The only possible answer for your question above is "t is s" and "t ==
[]" because you haven't rebound the names.

-Peter
 
P

Peter Hansen

Steven said:
Convenience and obviousness are important for APIs -- that's why lists
have pop, extend and remove methods. The only difference I can see between
a hypothetical clear and these is that clear can be replaced with a
one-liner, while the others need at least two, e.g. for extend:

for item in seq:
L.append(item)

It's not even clear that extend needs two lines:
>>> s = range(5)
>>> more = list('abc')
>>> s[:] = s + more
>>> s
[0, 1, 2, 3, 4, 'a', 'b', 'c']

Okay, it's not obvious, but I don't think s[:]=[] is really any more
obvious as a way to clear the list.

Clearly .extend() needs to be removed from the language as it is an
unnecessary extension to the API using slicing, which everyone should
already know about...

-Peter
 
A

Alan Morgan

Alan said:
Right. I was wondering what would happen in this case:

s=[1,2,3]
t=s
s.clear()
t # [] or [1,2,3]??

If you know your basic python it is "obvious" what would happen
if you do s=[] or s[:]=[] instead of s.clear() and I guess it is
equally "obvious" which one s.clear() must mimic. I'm still not
used to dealing with mutable lists.

If you know your basic python :), you know that s[:] = [] is doing the
only thing that s.clear() could possibly do,

Ah, but if you know your basic python then you wouldn't be looking for
s.clear() in the first place; you'd just use s[:]=[] (or s=[], whichever
is appropriate). IOW, the people most in need of s.clear() are those
least likely to be able to work out what it is actually doing.
Personally, it seems more *reasonable* to me, a novice python user,
for s.clear() to behave like s=[] (or, perhaps, for s=[] and s[:]=[] to
mean the same thing). The fact that it can't might be an argument for
not having it in the first place.

Alan
 
T

Terry Reedy

Peter Hansen said:
It's not even clear that extend needs two lines:
s = range(5)
more = list('abc')
s[:] = s + more
s
[0, 1, 2, 3, 4, 'a', 'b', 'c']

This is not the same as list.extend because it makes a separate
intermediate list instead of doing the extension completely in place.
However, the following does mimic .extend.
s=range(5)
s[len(s):] = list('abc')
s
[0, 1, 2, 3, 4, 'a', 'b', 'c']

So. at the cost of writing and calling len(s), you are correct that .extend
is not necessary.

Terry Jan Reedy
 
D

Dan Christensen

Raymond Hettinger said:
Felipe said:
I love benchmarks, so as I was testing the options, I saw something very
strange:

$ python2.4 -mtimeit 'x = range(100000); '
100 loops, best of 3: 6.7 msec per loop
$ python2.4 -mtimeit 'x = range(100000); del x[:]'
100 loops, best of 3: 6.35 msec per loop

Why the first benchmark is the slowest? I don't get it... could someone
test this, too?

It is an effect of the memory allocator and fragmentation. The first
builds up a list with increasingly larger sizes.

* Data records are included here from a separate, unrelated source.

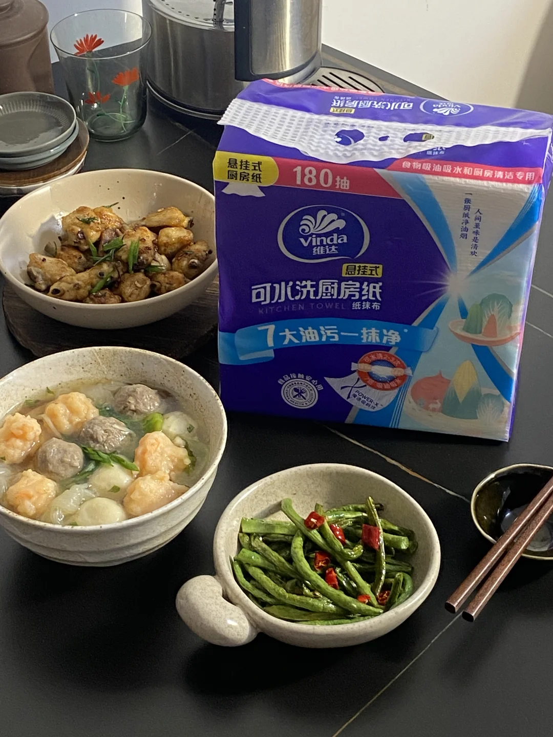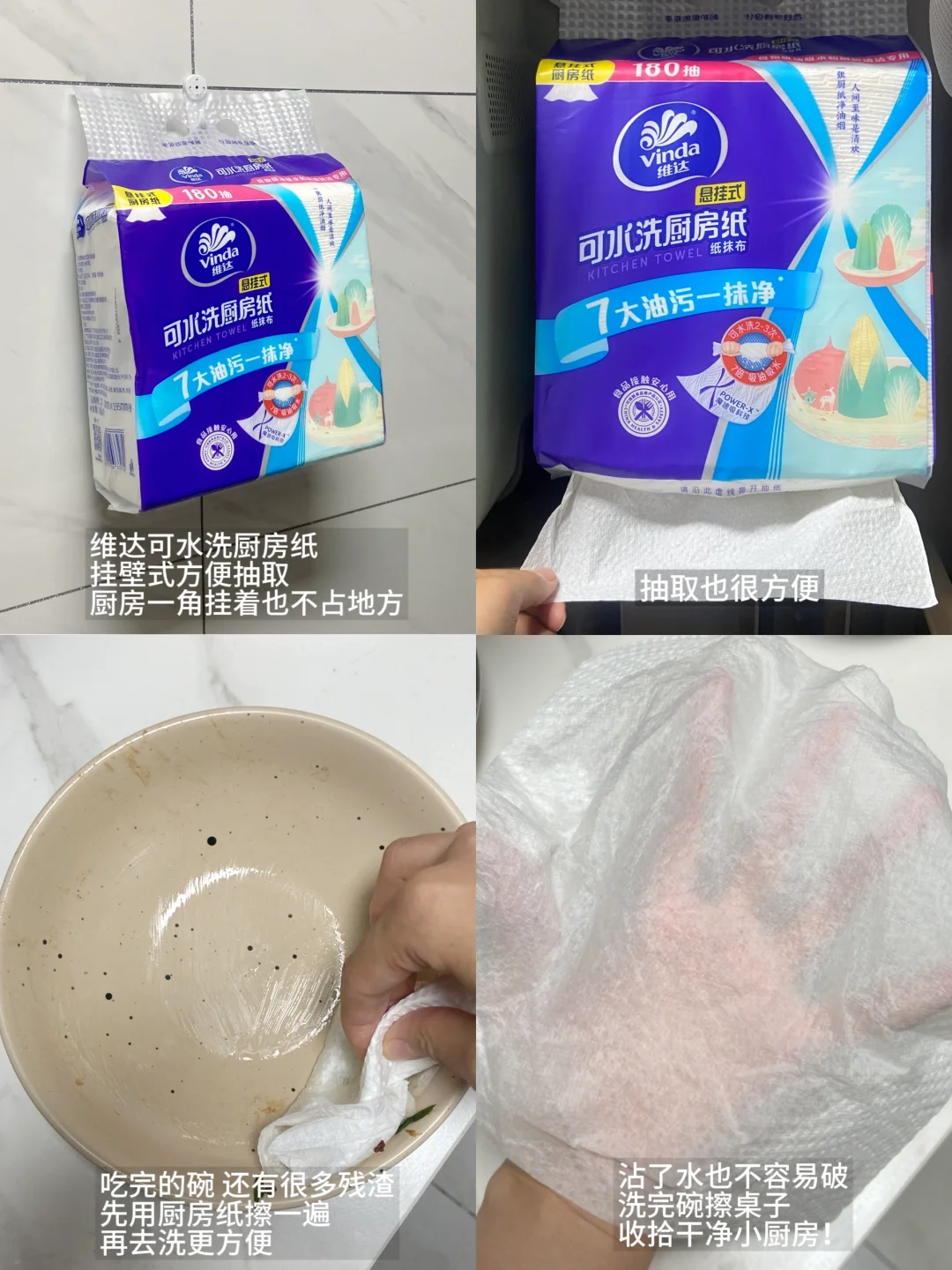 今天有好帮手维达挂式厨房纸,单手抽取方便易收纳。特别提示用油要注意油水接触容易飞溅,所以菜和肉建议先用厨房纸擦干水分再下锅,维达这款可直接接触食物的就很方便;做饭过程中我也喜欢保持厨房干净,擦过青菜的厨房纸也可以随手拿来擦灶台上的水渍、油渍,这个纸很厚实,水洗2、3次也不容易破。收拾干净小厨房才算一顿饭的结束!
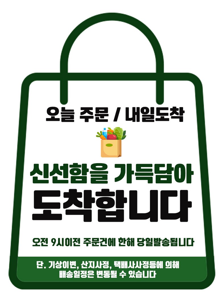 | 배송방법 | 신선/냉장/냉동 | 배송비 | 무료배송 · 도서산간 추가 배송비 - 제주 지역: 400원 - 도서산간 지역: 400원 |
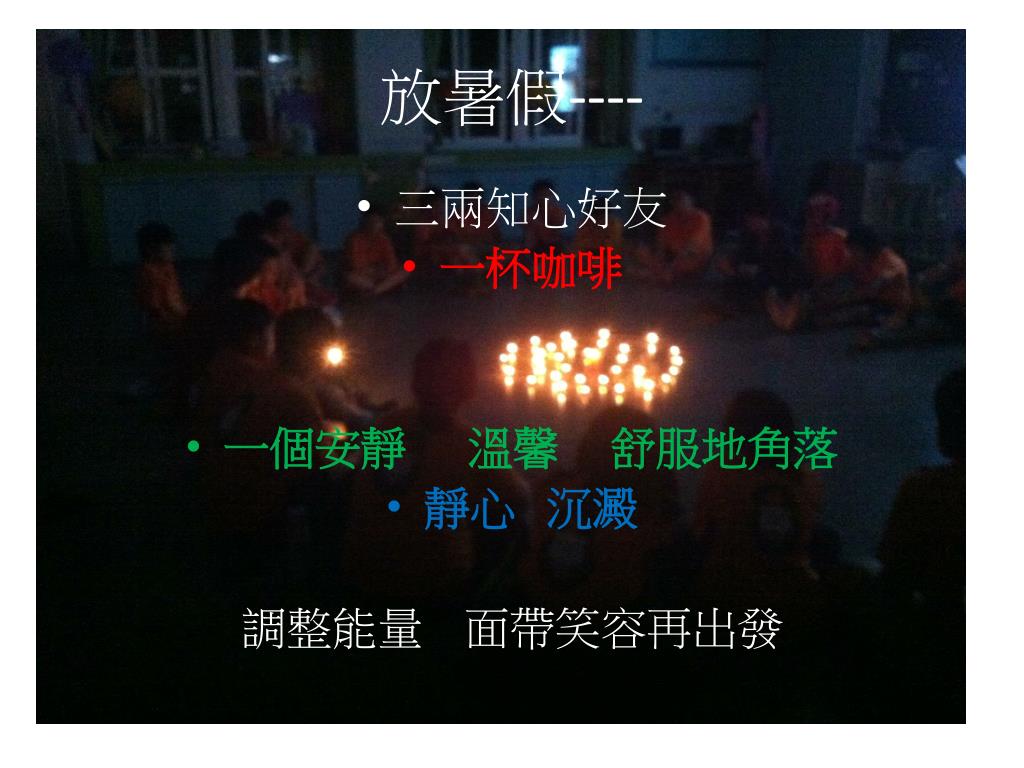 放暑假---- • 三兩知心好友 • 一杯咖啡 • 一個安靜 溫馨 舒服地角落 • 靜心 沉澱 調整能量 面帶笑容再出發
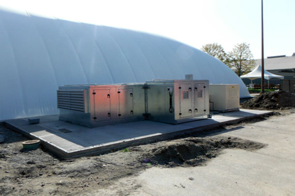 為了保證氣膜建筑全天候地工作,配備一臺(tái)功率相匹配的燃油發(fā)電機(jī)組。當(dāng)市電停電時(shí),由控制系統(tǒng)(或者人工)啟動(dòng)。
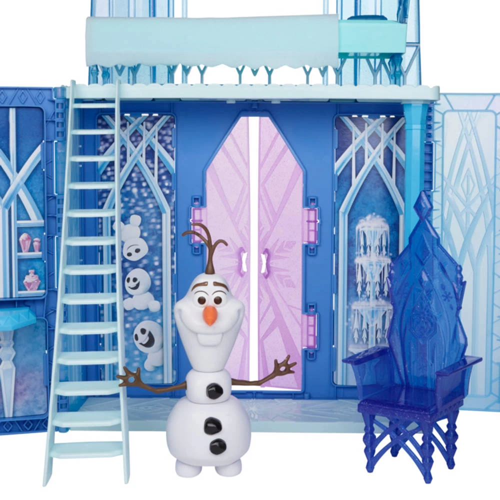 - Het paleis is uitgerust met een handvat en wordt geleverd met een troon, een bed, een deken, twee stoelen, snacks, make-upaccessoires en een schattig poppetje van Olaf.
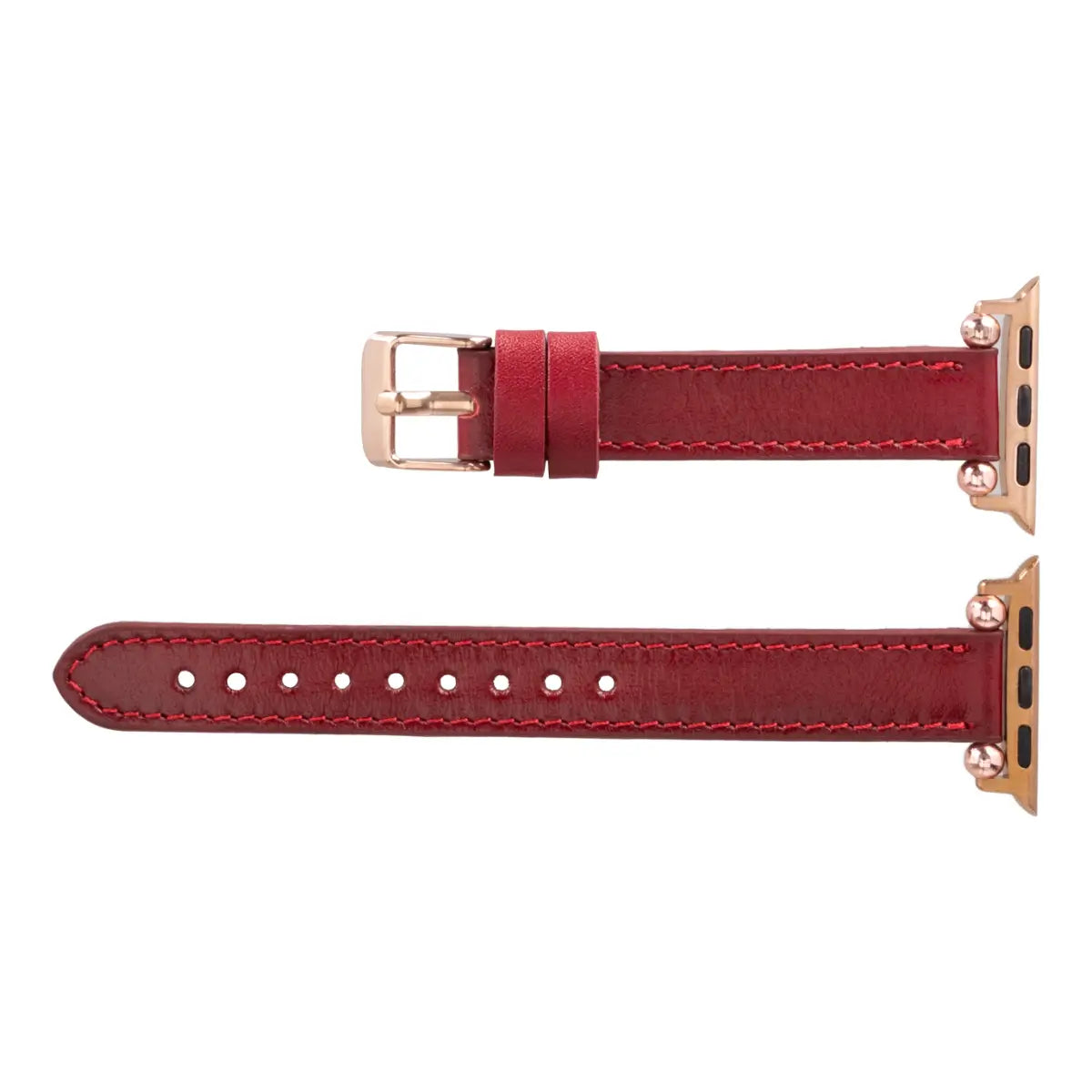 Burnished Red Leather Ultra Slim Apple Watch Band
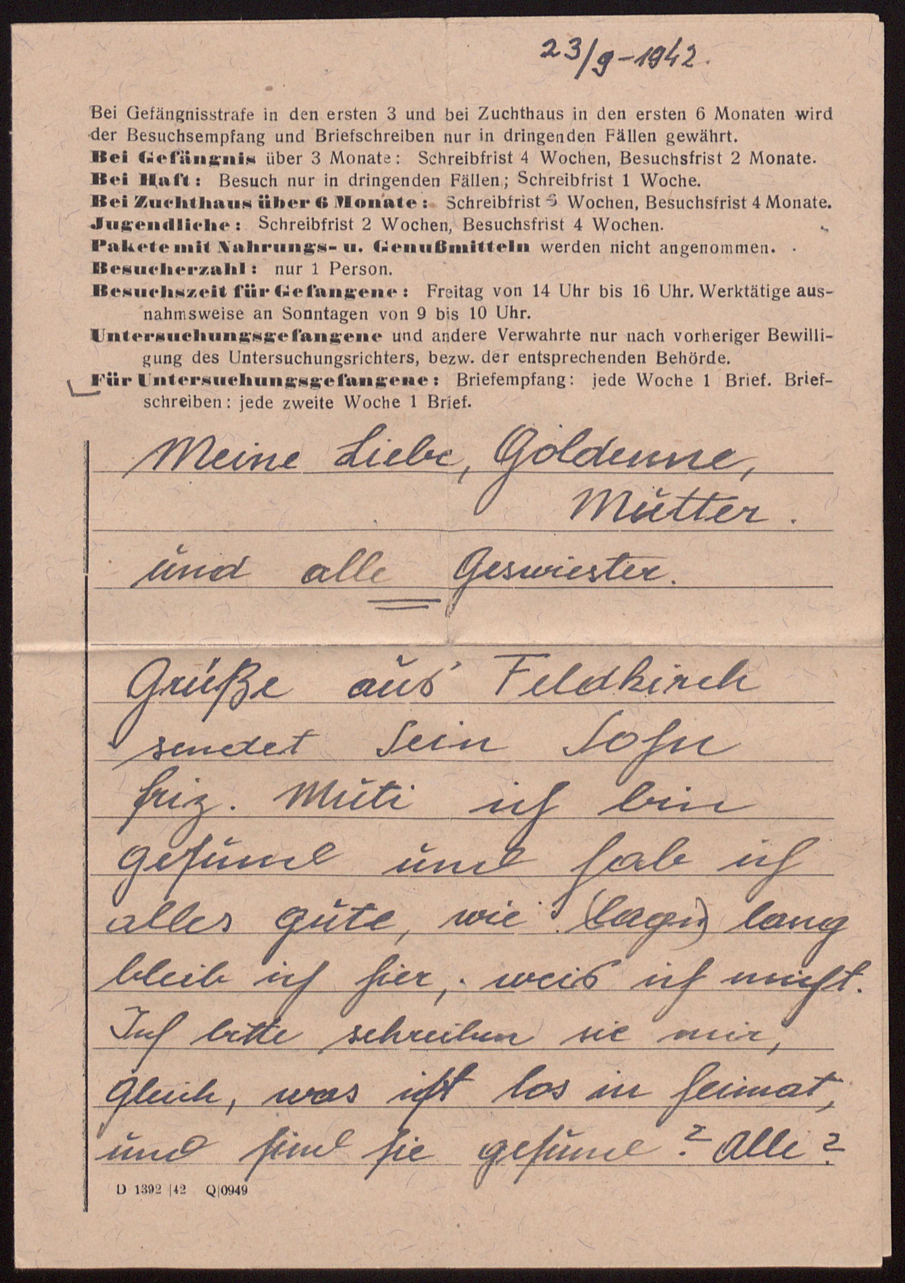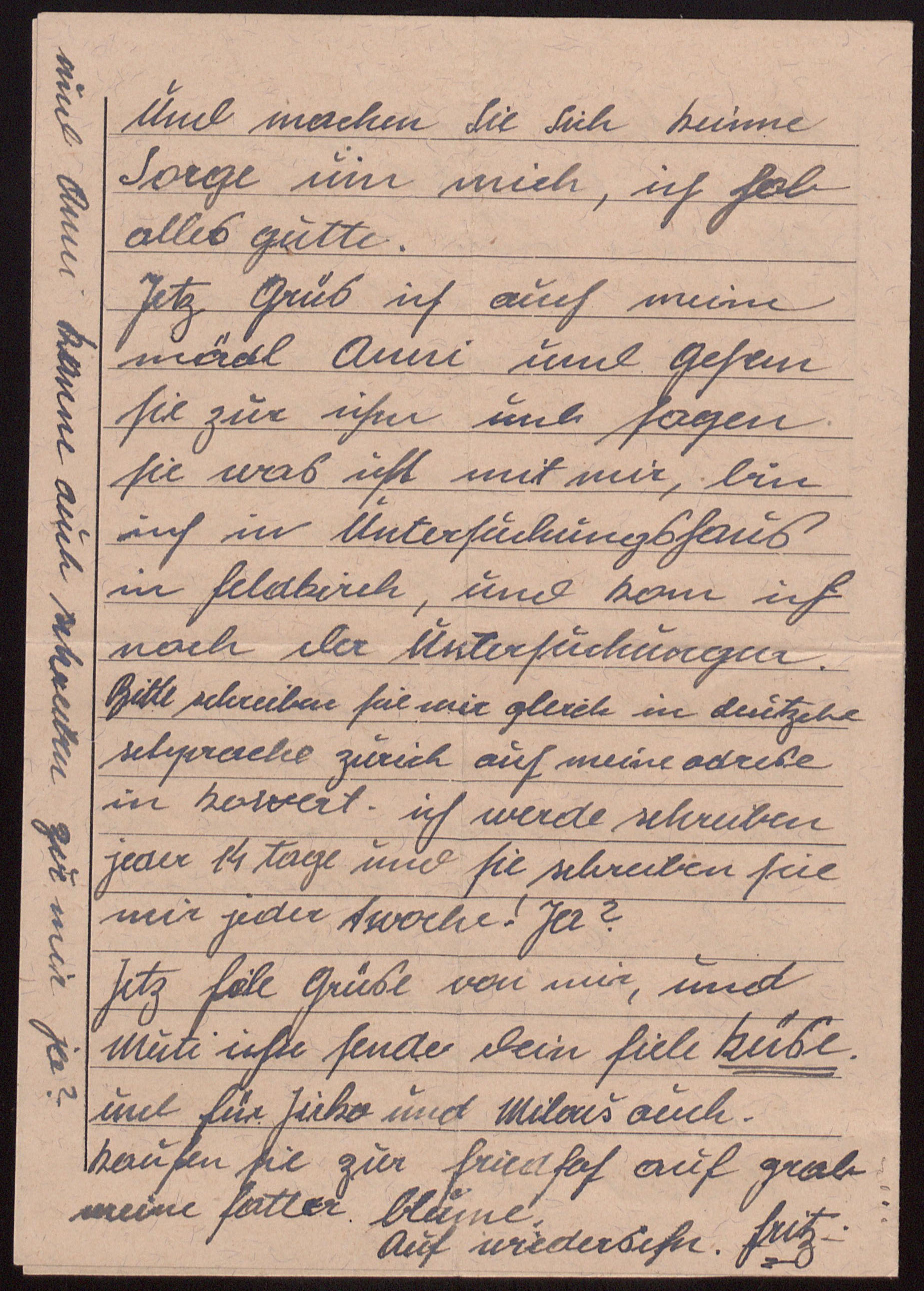 Jetzt Grüs ich auch meine mädl Anni und gehen sie zur ihm und sagen sie was ist mit mir, bin ich in Untersuchungshaus in Feldkirch, und kom ich nach der Untersuchungen. Bitte schreiben sie mir gleich in deutsche schprache zurick auf meine Adrese in kuwert. Ich werde schreiben jede 14 tage und sie schreiben sie mir jeder woche! Ja?
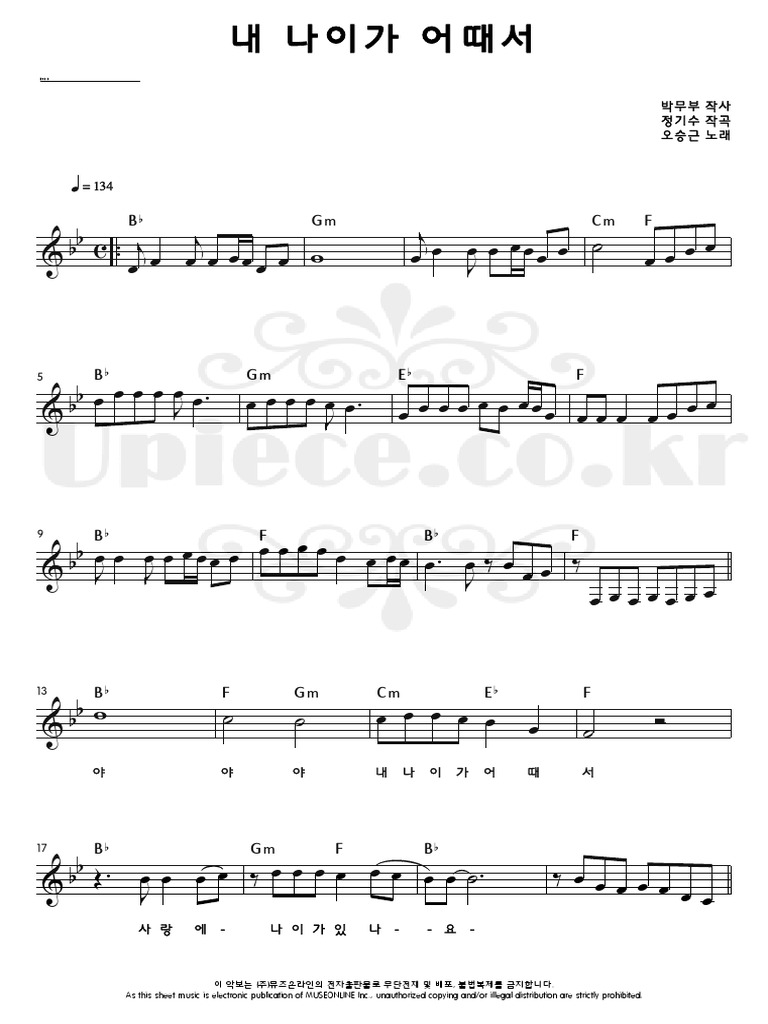 오승근 내 나이가 어때서 악보 Mr Youtube
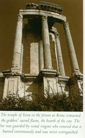ชาวโรมันเชื่อว่า ลัทธิบูชาเจ้าแม่เฮสเทียแผ่ไปถึงถื่นประเทศของตน โดยมีวีรบุรุษ อีเนียส (Aeneas) เป็นผู้นำเอาเข้า ไป แล้ว นูมาปอมปิเลียส (Numa Pompilius) กษัตริย์กรุงโรมจึงสร้างศาลเจ้าอุทิศถวายเจ้าแม่ขึ้นในกลางยี่สานโรมัน ซึ่งเรียกว่า Roman Forum เขาเชื่อกันเป็นมั่นเหมาะแน่นแฟ้นว่า สวัสดิภาพของกรุงโรมทั้งมวล และการแผ่นดินทั้งปวงนั้นขึ้นอยู่ที่ การรักษาเปลวไฟศักดิ์สิทธิ์ ณ วิหารนั้ให้ดำรงอยู่เป็นสำคัญ

I don't see what you mean by this. There are many lists all of
the same size. Do you mean some list internal to the memory
allocator?
It periodically
cannot grow in-place because something is in the way (some other
object) so it needs to move its current entries to another, larger
block and grow from there. In contrast, the other entries are reusing
a the previously cleared out large block.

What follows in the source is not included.